### DATA UNDER STUDY
□ □ □
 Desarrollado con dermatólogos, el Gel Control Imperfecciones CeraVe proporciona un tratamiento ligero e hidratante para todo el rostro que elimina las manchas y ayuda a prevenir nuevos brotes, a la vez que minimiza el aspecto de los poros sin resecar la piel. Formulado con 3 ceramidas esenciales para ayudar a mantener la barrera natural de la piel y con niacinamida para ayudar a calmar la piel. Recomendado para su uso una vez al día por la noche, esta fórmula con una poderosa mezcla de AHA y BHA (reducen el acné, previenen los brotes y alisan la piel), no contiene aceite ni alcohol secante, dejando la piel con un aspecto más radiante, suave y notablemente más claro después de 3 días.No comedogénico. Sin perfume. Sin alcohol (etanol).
□ □ □
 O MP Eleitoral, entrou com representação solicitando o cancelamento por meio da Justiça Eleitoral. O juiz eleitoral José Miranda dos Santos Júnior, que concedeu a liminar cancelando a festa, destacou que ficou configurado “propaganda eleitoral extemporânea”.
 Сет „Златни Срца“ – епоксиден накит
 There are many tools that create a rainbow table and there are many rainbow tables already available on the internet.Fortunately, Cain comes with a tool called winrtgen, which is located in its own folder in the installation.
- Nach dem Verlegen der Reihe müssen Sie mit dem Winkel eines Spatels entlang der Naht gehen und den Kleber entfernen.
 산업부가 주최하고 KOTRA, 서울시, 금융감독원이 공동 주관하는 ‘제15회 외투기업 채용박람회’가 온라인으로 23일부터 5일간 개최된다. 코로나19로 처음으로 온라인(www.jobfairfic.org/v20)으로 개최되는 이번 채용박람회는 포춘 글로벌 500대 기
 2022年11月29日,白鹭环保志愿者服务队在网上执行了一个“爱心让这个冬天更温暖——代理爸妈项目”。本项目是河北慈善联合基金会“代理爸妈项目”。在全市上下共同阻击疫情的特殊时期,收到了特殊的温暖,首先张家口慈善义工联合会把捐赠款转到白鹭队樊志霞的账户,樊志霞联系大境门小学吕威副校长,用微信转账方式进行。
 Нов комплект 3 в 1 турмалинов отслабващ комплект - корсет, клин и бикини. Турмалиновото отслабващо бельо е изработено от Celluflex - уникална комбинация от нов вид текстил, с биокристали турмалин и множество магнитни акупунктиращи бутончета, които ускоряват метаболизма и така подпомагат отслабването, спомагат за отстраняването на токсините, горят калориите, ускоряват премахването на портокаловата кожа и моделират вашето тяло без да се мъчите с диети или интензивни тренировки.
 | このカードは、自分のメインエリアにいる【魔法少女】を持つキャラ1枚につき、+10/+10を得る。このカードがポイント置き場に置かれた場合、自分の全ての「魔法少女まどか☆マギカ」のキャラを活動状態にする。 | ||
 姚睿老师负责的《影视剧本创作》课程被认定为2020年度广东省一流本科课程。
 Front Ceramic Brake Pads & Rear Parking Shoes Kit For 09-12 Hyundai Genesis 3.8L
□ □ □
### EXERCISE DESCRIPTION
Print exactly the lines above from the one with "There are many tools" to the one with "- Nach dem Verlegen", including both.

### ANSWER TO THE PROBLEM
 There are many tools that create a rainbow table and there are many rainbow tables already available on the internet.Fortunately, Cain comes with a tool called winrtgen, which is located in its own folder in the installation.
- Nach dem Verlegen der Reihe müssen Sie mit dem Winkel eines Spatels entlang der Naht gehen und den Kleber entfernen.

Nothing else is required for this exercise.